• **EXERCISE INSTRUCTIONS**: The response should contain all of the data below, reproduced exactly, and no pictures.

• **DATASET EXTRACT**:

**********

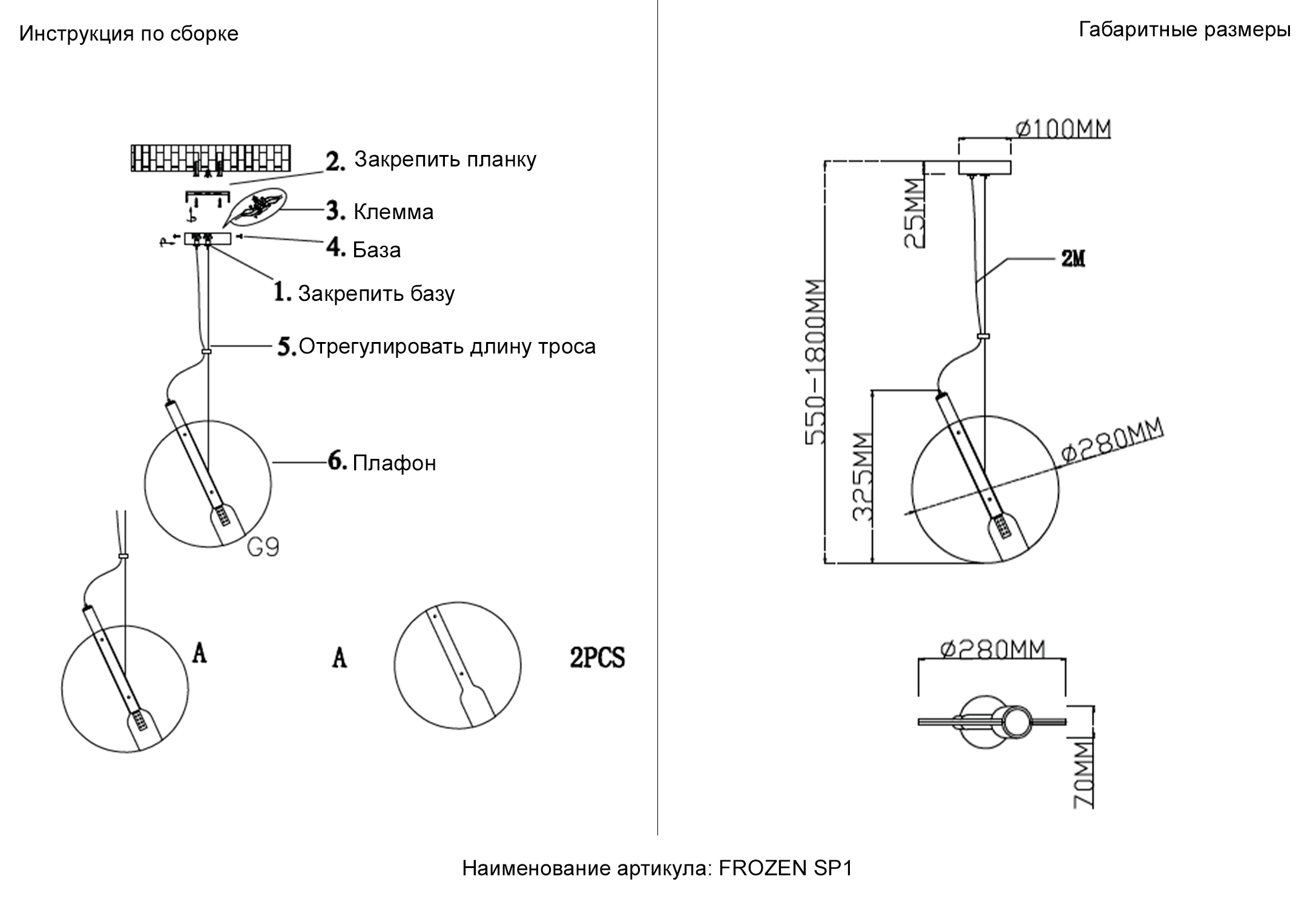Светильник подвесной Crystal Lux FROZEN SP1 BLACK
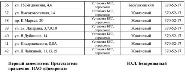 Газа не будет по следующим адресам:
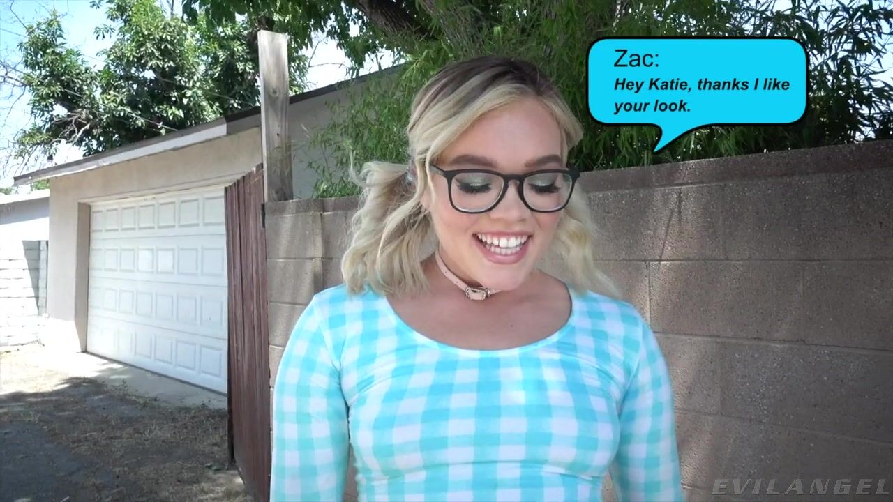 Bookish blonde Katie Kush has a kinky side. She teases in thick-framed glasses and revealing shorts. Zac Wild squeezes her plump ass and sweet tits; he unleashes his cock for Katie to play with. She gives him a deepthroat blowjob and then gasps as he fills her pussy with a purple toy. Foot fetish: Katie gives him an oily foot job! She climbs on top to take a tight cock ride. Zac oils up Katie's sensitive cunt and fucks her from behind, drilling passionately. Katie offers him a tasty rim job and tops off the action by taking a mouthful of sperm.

**********

• **RESPONSE TO THIS EXERCISE**:
Светильник подвесной Crystal Lux FROZEN SP1 BLACK
 Газа не будет по следующим адресам:
 Bookish blonde Katie Kush has a kinky side. She teases in thick-framed glasses and revealing shorts. Zac Wild squeezes her plump ass and sweet tits; he unleashes his cock for Katie to play with. She gives him a deepthroat blowjob and then gasps as he fills her pussy with a purple toy. Foot fetish: Katie gives him an oily foot job! She climbs on top to take a tight cock ride. Zac oils up Katie's sensitive cunt and fucks her from behind, drilling passionately. Katie offers him a tasty rim job and tops off the action by taking a mouthful of sperm.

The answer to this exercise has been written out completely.